Poteet, acquired from the New York Yankees for Cody Bellinger over the winter, thought the low fastball caught the corner of the plate, but plate umpire Tony Randazzo disagreed, calling it a ball. Per MLB rules this spring, Poteet tapped his head indicating he wanted a review, and quickly the pitch and its location were shown on the scoreboard. The call was reversed, and instead of a 1-1 count, Muncy fell to 0-2 before striking out.

Instead of robots calling every pitch, teams can challenge two calls per game with the ability to retain a successful challenge. Only the pitcher, catcher or hitter can challenge a call and must do so without help from the dugout. Tapping their head is the indication they want to challenge a call.

Stang said...

YANKEES CHANGE FACIAL HAIR POLICY! "WELL-GROOMED BEARDS" OK!!!

AboveAverage said...

So, then, eventually, will players be able to tap their own, personal Poteets and question something bigger and more profound.that needs to be overturned?

And, uhm, I uh, have some to like, say about the Boone extension……

AboveAverage said...

ladies and gentlemen - put down those razors - we have a Stang sighting

JM said...

I just saw that headline. My head is spinning...

AboveAverage said...

The BEARDS are coming . . . . . . . . . . .

BTR999 said...

My. Lands, what next???

Doug K. said...

1) "It reminds me of the 1956 boxing movie, "The Harder they Fall"..."

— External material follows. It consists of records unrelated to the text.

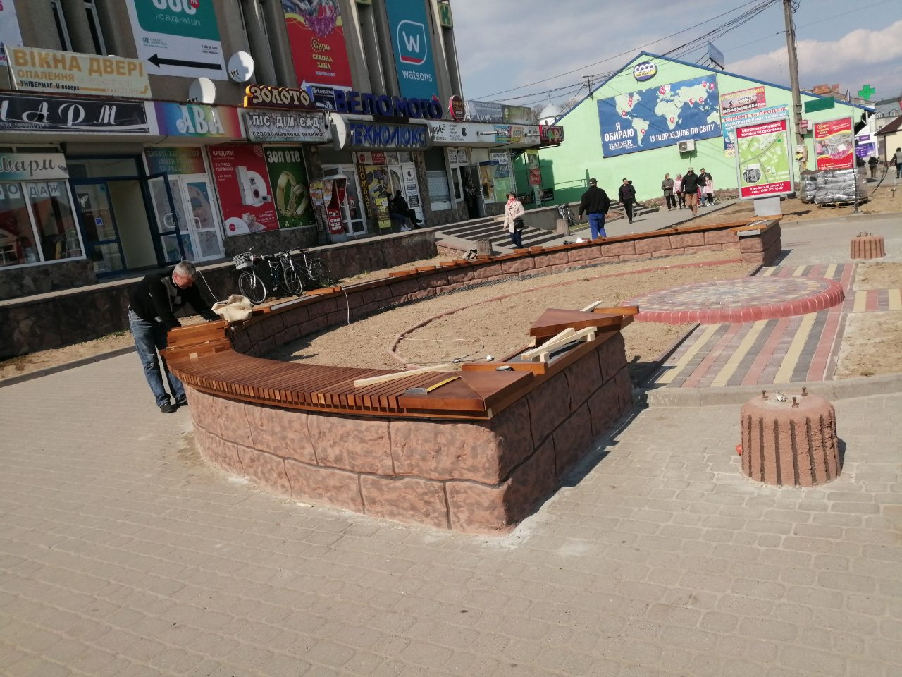 Оновлять і дві сусідні великі прямокутні клумби – тут, окрім декоративних насаджень, планують застелити рулонний газон. Працюють над оновленням площі та клумб спеціалісти ТОВ «Тройдбуд» (керівник Тарас Садов’як). На проведення поточного ремонту, озеленення та благоустрій цієї площі з міського бюджету на позачерговій сесії виділено 199 тисяч грн.
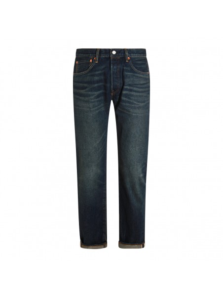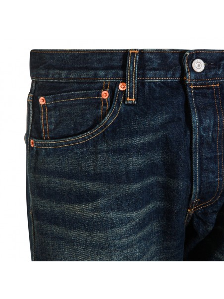 Dark blue cotton denim 501 jeans from Levi's featuring frontal fastening, belt loops, pockets and regular vestibility.
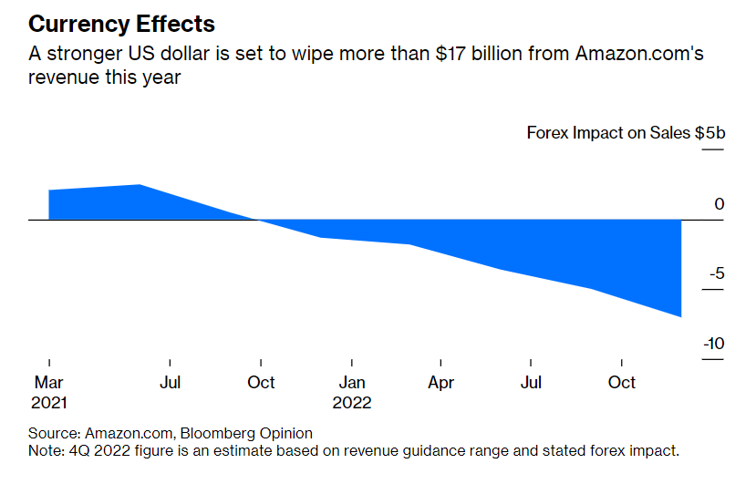 Un tema ricorrente negli utili di questa stagione è stato l’impatto di un dollaro forte sui risultati delle aziende. Amazon è stata tra le aziende più colpite.

Budd Schullberg is one of the greatest American writers of all time.

A Face in the Crowd
On The Waterfront
What Makes Sammy Run
and the Harder They Fall.

Not too shabby.

Doug K. said...

2) As I posted yesterday... watched Cody Poteet get shelled by the Dodgers. The Yankees TOTALLY won the Bellinger trade. Cashman is a genius!!!!!! (At least for a day)

"Genius For A Day" was a short lived PBS Game show in the 60's where they brought on men considered brilliant in their field and let them explain their theories about how to fix government.

Winners were given washing machines, not actual control. Simpler times.

JM said...

Budd Schullberg not to be confused with Max Shulman, creator of Dobie Gillis.

JM said...

I'm waiting for the first Van Dyck.

Doug K. said...

Or Bud Melman of David Letterman fame.